• _Exercise_
All of the data below must be reproduced word for word, but without its images.

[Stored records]
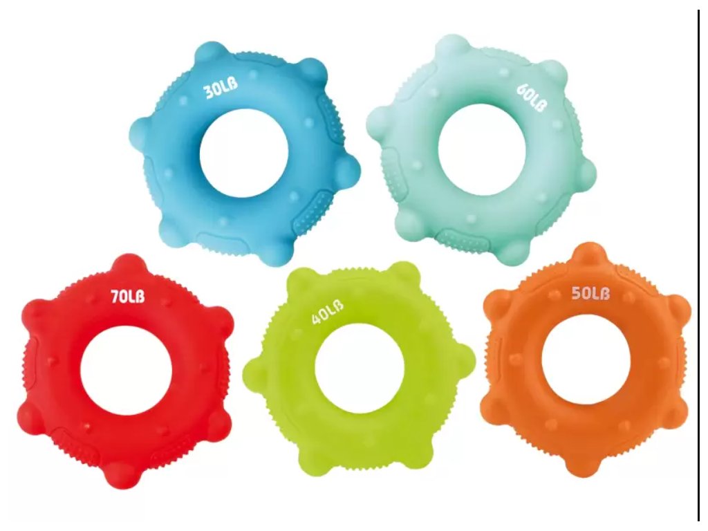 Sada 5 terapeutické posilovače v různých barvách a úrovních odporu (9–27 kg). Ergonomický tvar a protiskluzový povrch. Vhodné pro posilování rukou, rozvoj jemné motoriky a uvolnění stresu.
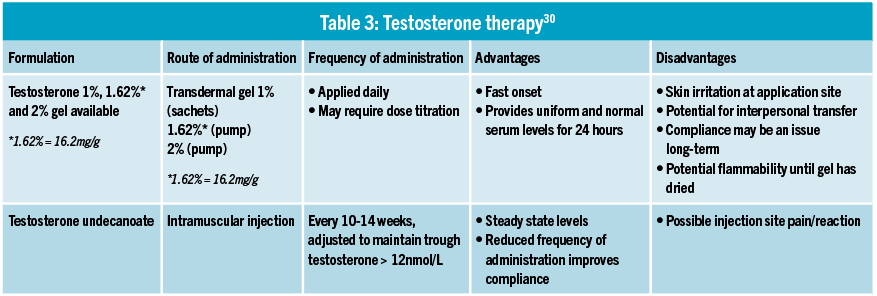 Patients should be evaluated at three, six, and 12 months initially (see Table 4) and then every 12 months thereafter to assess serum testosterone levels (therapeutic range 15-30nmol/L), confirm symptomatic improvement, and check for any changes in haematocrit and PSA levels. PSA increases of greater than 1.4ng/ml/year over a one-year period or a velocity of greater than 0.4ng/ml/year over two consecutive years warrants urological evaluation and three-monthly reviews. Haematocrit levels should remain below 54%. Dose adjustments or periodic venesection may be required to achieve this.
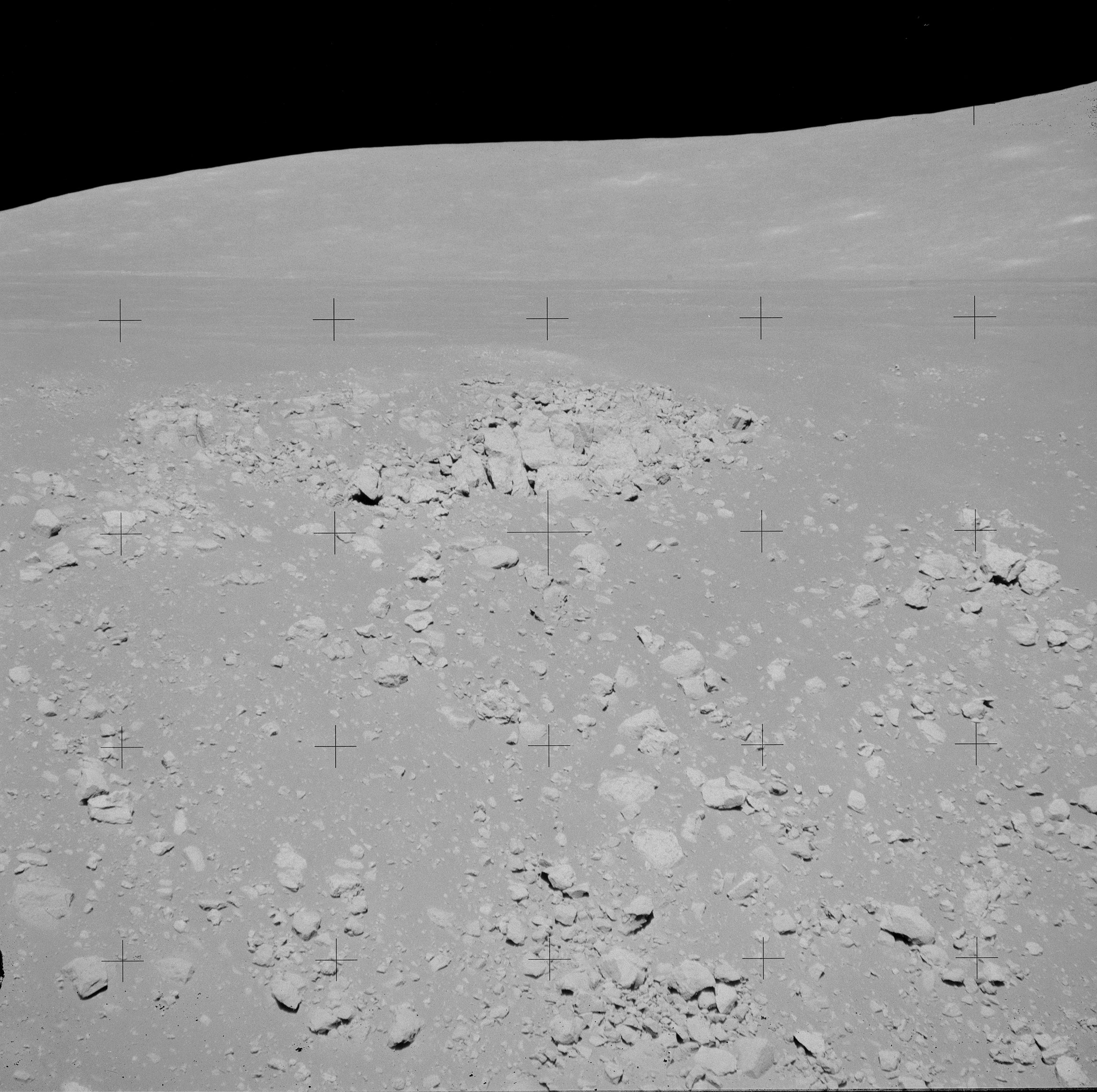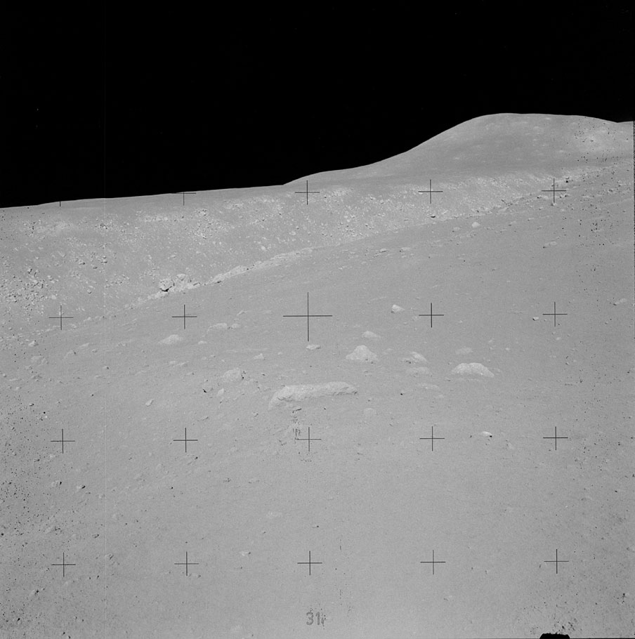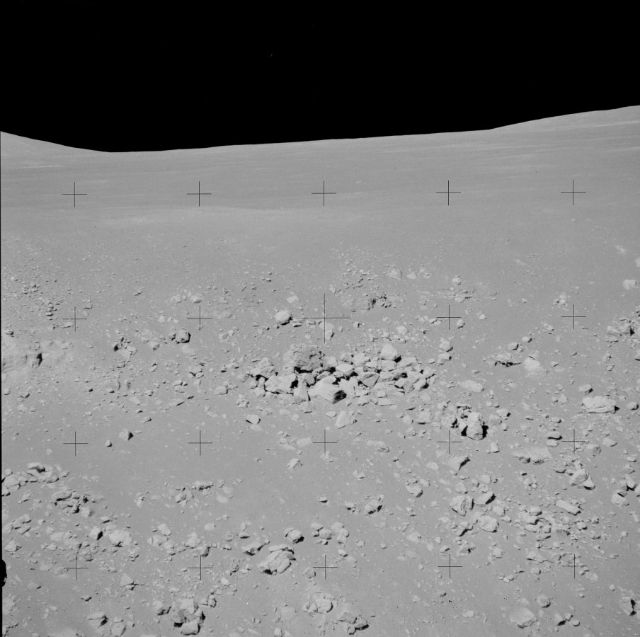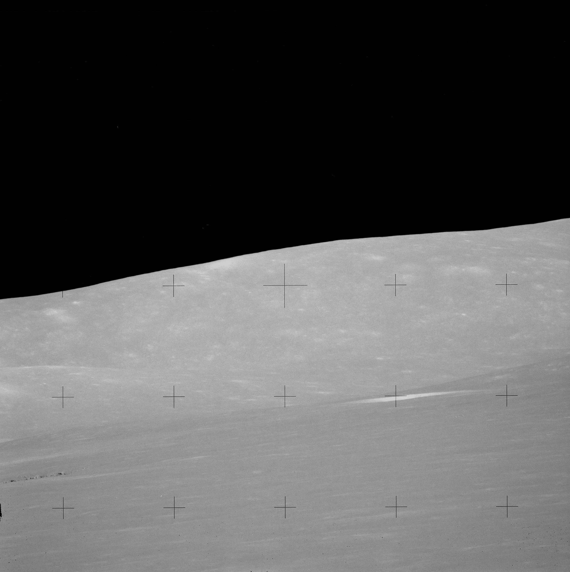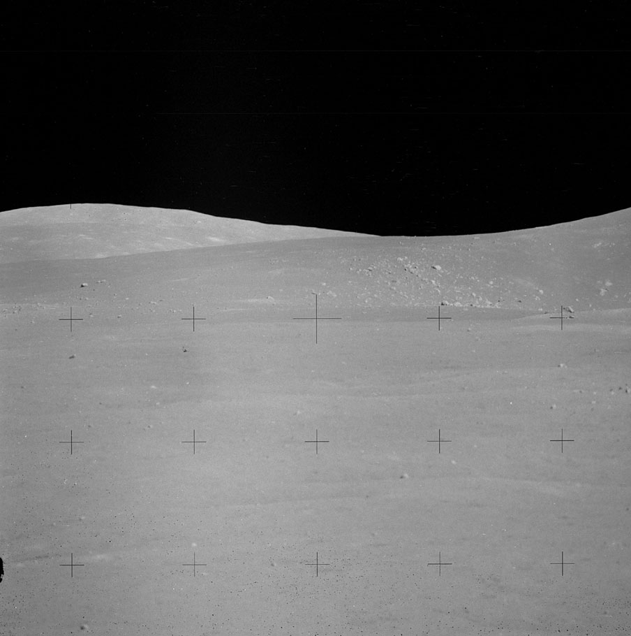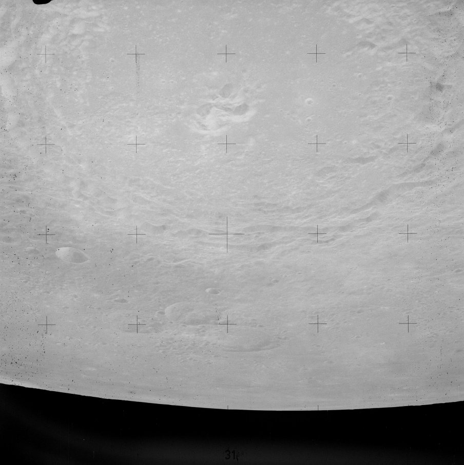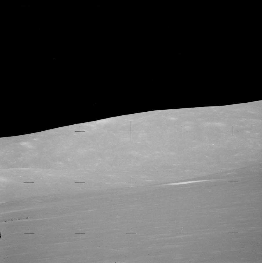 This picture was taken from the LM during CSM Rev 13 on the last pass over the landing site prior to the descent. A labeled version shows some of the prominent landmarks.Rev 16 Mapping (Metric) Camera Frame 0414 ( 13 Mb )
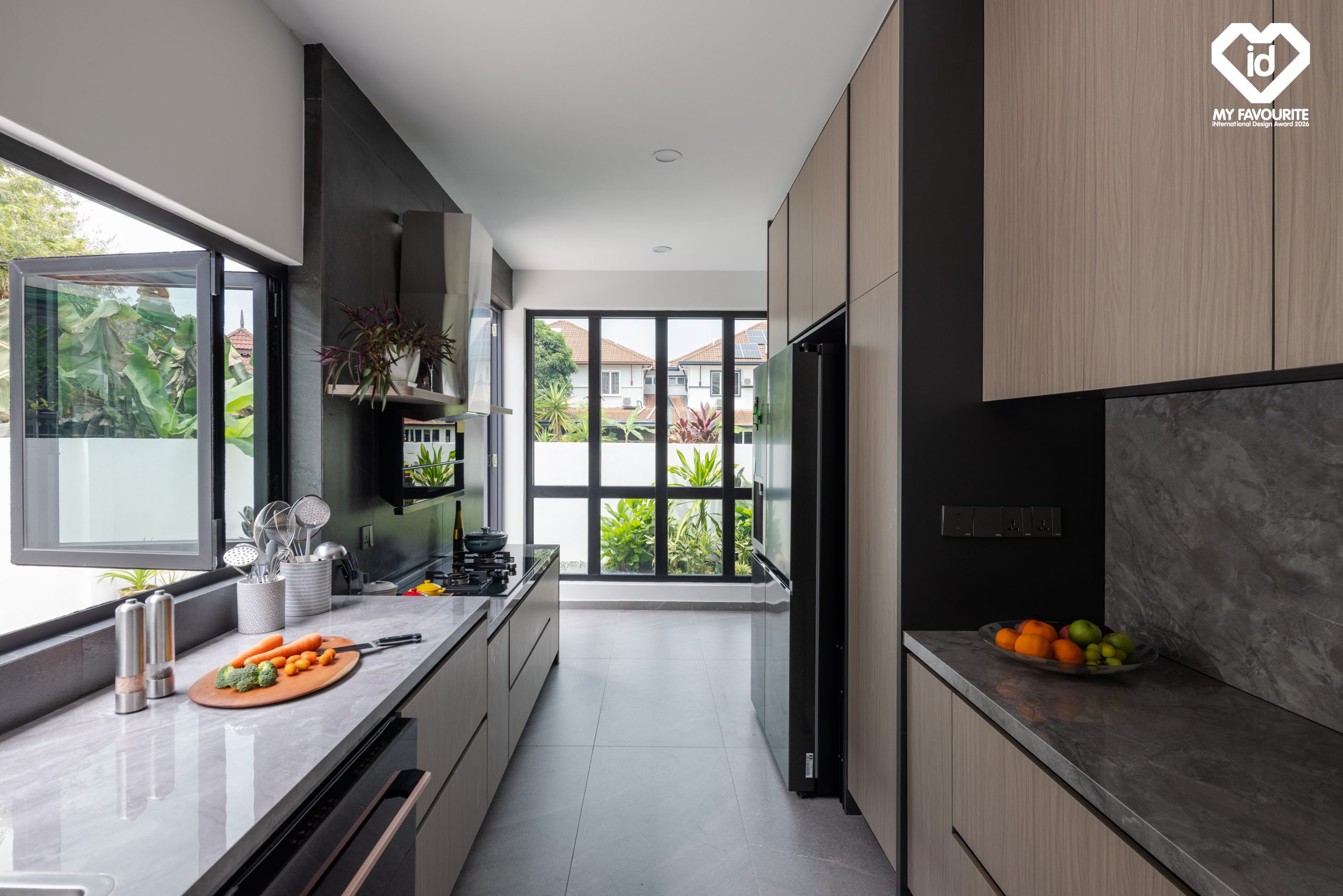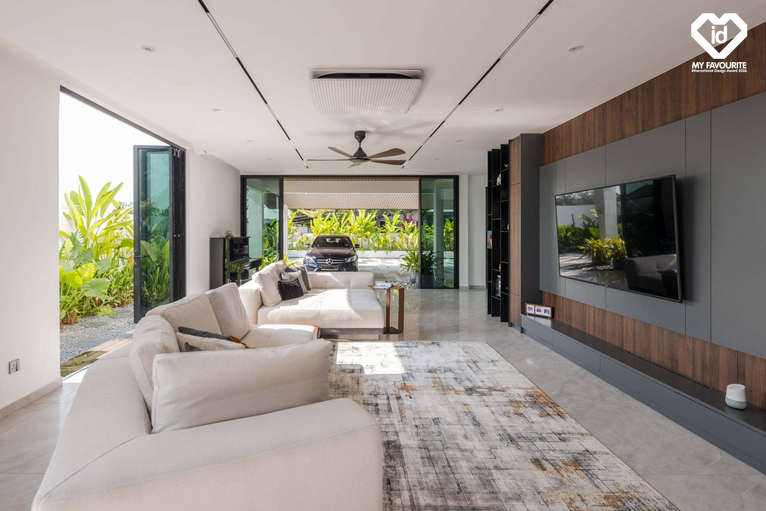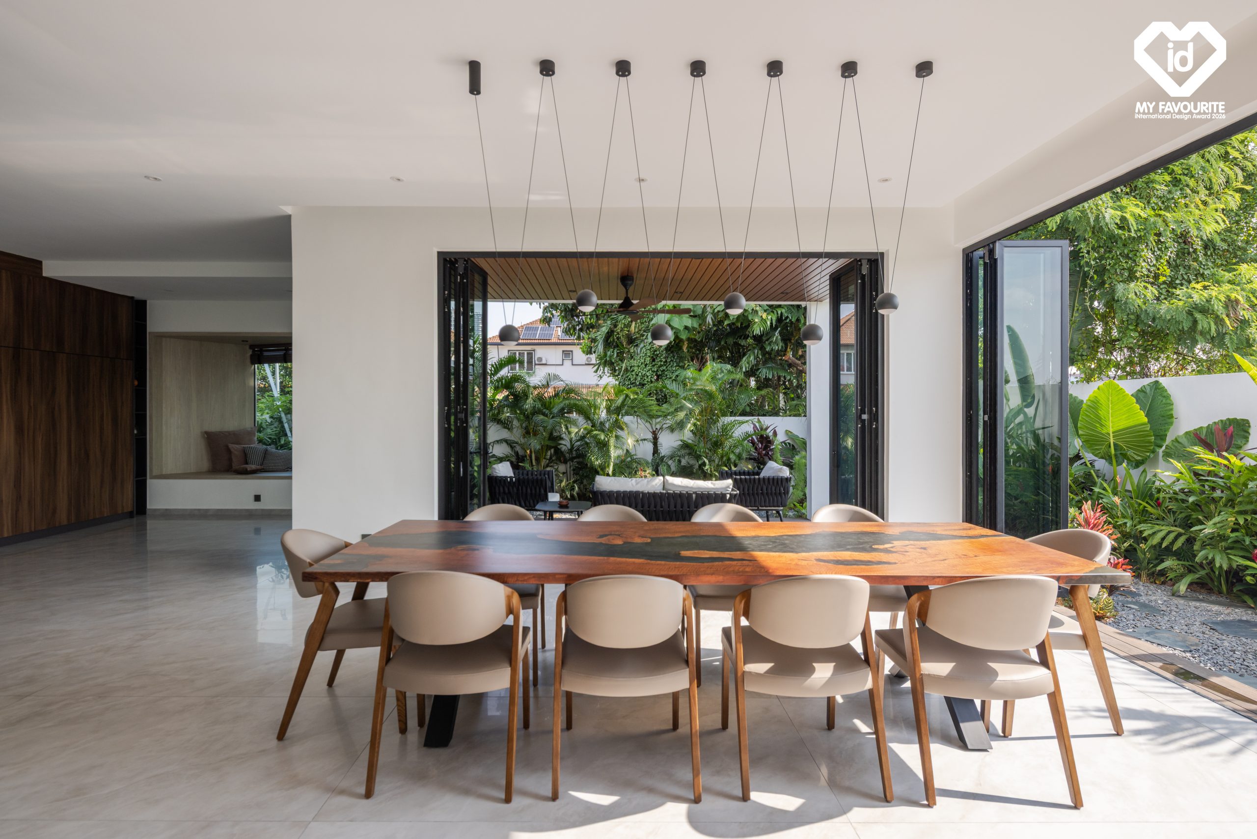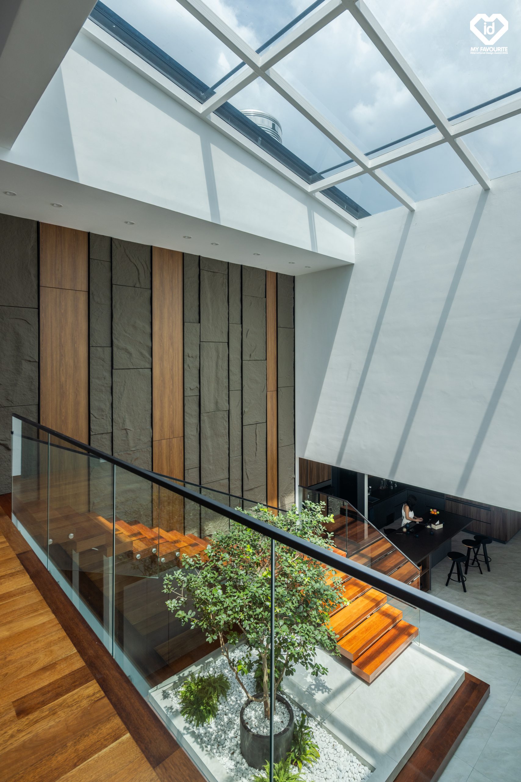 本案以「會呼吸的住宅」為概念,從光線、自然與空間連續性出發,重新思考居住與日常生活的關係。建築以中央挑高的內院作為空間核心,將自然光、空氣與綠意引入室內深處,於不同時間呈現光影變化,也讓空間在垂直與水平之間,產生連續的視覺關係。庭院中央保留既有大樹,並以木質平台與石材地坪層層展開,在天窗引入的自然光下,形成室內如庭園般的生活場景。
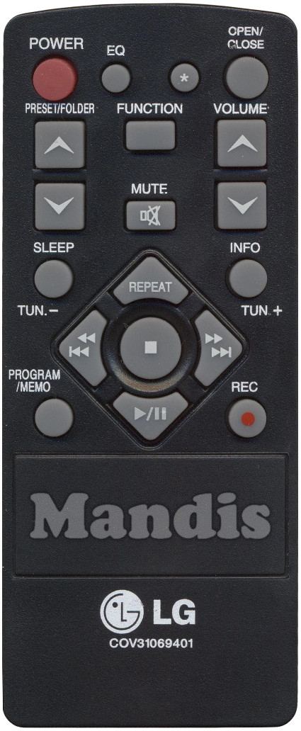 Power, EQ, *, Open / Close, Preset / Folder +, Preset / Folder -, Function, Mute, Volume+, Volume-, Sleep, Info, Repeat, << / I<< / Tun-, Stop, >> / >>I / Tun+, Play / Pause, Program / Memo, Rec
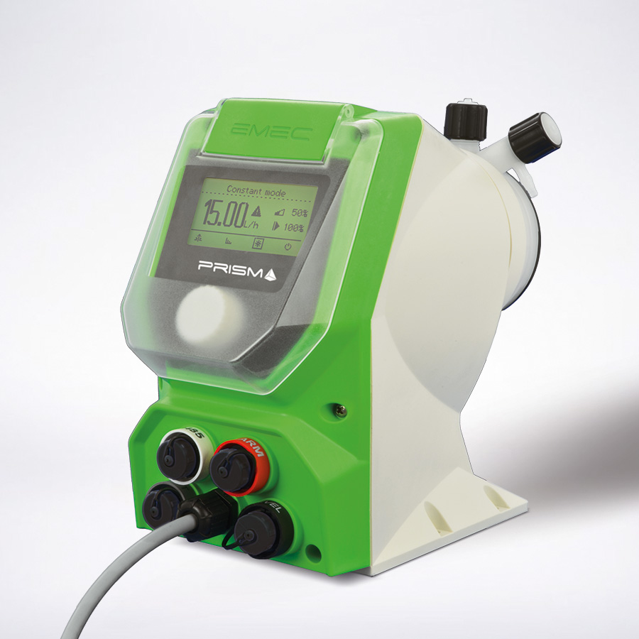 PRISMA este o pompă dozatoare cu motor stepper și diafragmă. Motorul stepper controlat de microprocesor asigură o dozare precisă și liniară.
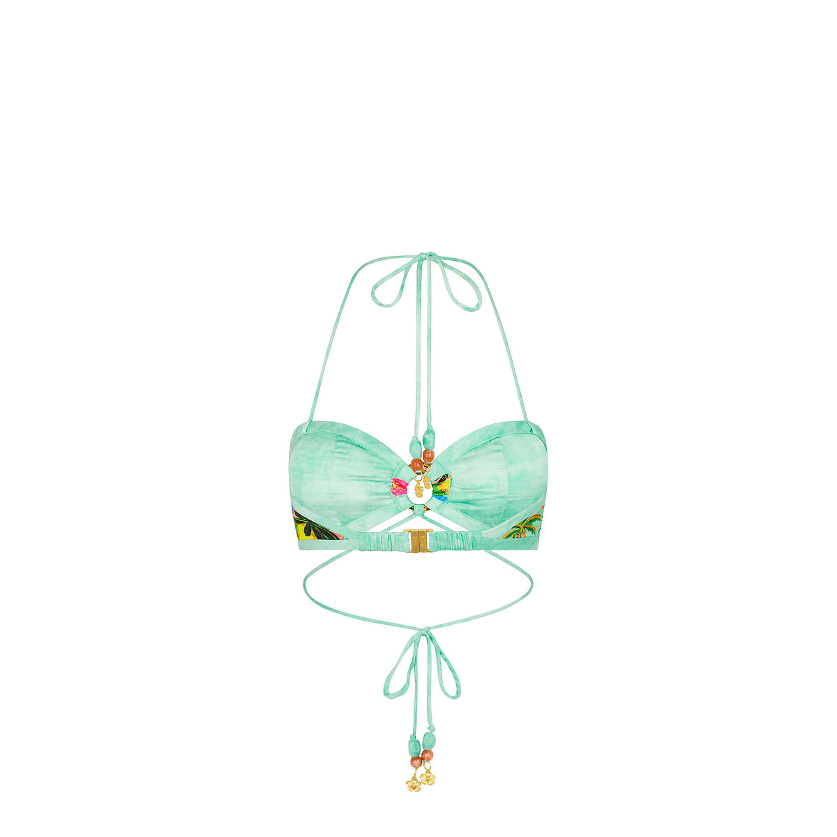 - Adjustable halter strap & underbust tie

• _Solved exercise_
 Sada 5 terapeutické posilovače v různých barvách a úrovních odporu (9–27 kg). Ergonomický tvar a protiskluzový povrch. Vhodné pro posilování rukou, rozvoj jemné motoriky a uvolnění stresu.
 Patients should be evaluated at three, six, and 12 months initially (see Table 4) and then every 12 months thereafter to assess serum testosterone levels (therapeutic range 15-30nmol/L), confirm symptomatic improvement, and check for any changes in haematocrit and PSA levels. PSA increases of greater than 1.4ng/ml/year over a one-year period or a velocity of greater than 0.4ng/ml/year over two consecutive years warrants urological evaluation and three-monthly reviews. Haematocrit levels should remain below 54%. Dose adjustments or periodic venesection may be required to achieve this.
 This picture was taken from the LM during CSM Rev 13 on the last pass over the landing site prior to the descent. A labeled version shows some of the prominent landmarks.Rev 16 Mapping (Metric) Camera Frame 0414 ( 13 Mb )
 本案以「會呼吸的住宅」為概念,從光線、自然與空間連續性出發,重新思考居住與日常生活的關係。建築以中央挑高的內院作為空間核心,將自然光、空氣與綠意引入室內深處,於不同時間呈現光影變化,也讓空間在垂直與水平之間,產生連續的視覺關係。庭院中央保留既有大樹,並以木質平台與石材地坪層層展開,在天窗引入的自然光下,形成室內如庭園般的生活場景。
 Power, EQ, *, Open / Close, Preset / Folder +, Preset / Folder -, Function, Mute, Volume+, Volume-, Sleep, Info, Repeat, << / I<< / Tun-, Stop, >> / >>I / Tun+, Play / Pause, Program / Memo, Rec
 PRISMA este o pompă dozatoare cu motor stepper și diafragmă. Motorul stepper controlat de microprocesor asigură o dozare precisă și liniară.
 - Adjustable halter strap & underbust tie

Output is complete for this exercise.